素直になれたら

1.paradox


そして私達は二人になった。

「美嘉、あぁ〜ん」

とか、翔が妙に甘えた声を出しながら口を開けていた。

みっともない…とか内心思ったものの、翔のその情けない顔が妙に可愛く思えて、私はぶっきらぼうに自分の前の食いかけの餡蜜を、大ぶりにすくって翔の口に突っ込んだ。


翔は多分、私に素っ気ない態度をとられると思ったらしく、少しキョトンとした顔になったが、嬉しそうに口をモゴモゴさせた。

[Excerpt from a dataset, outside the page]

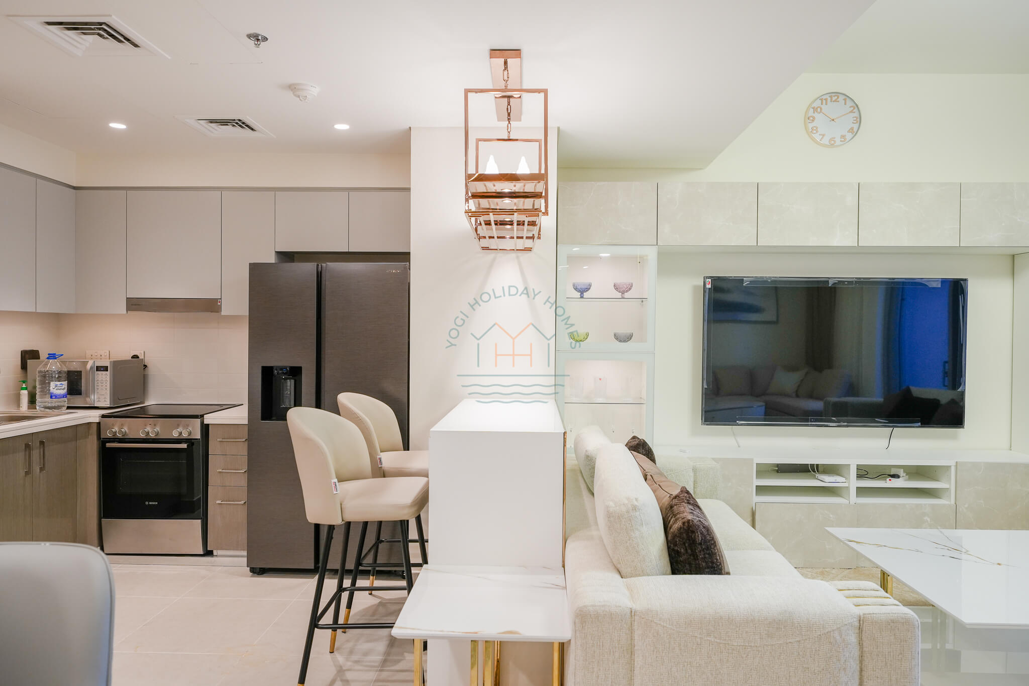 - Fully-Equipped Kitchen: Double-door refrigerator, gas stove, oven, microwave, dishwasher, freezer, and cooking essentials.

翔は普段からおどけた馬鹿面はしているけど、妙に余裕な表情で、いつも隙がないように思える。
ただ、たまに垣間見せるアホ面が、間抜けで隙だらけな気がして、好き。

でもその行為そのものが、私の下らないプライドのせいで喧嘩沙汰になったのだ。


ちょうどそのタイミング、ふと窓の外を見ると、同じクラスの男子二人がニヤケながらこちらを観察していた。

……しまった!

そう思った。

そしてあろう事か店内にズカズカ入り込んで来て、

「なにしてんだよ二人〜、ラヴラヴこいて〜〜」

だの、

「美嘉ちゃんってそうゆう事するタイプだったんだぁ〜」

などとはやし立てられた事が、ヤケに恥ずかしくなった。

「羨ましいだろお前ら〜」

などと、翔は何食わぬ顔している横で、私は羞恥心丸出しで逃げ出したかった。
そしてやけに苛立ってきた。

今思えばそんな下らない事、澄まし顔でやり過ごせると思えるけど、その時の私は、見られなくないとこを見られた感が憎悪と共に、グルグル頭上を巡らせてしまっていた。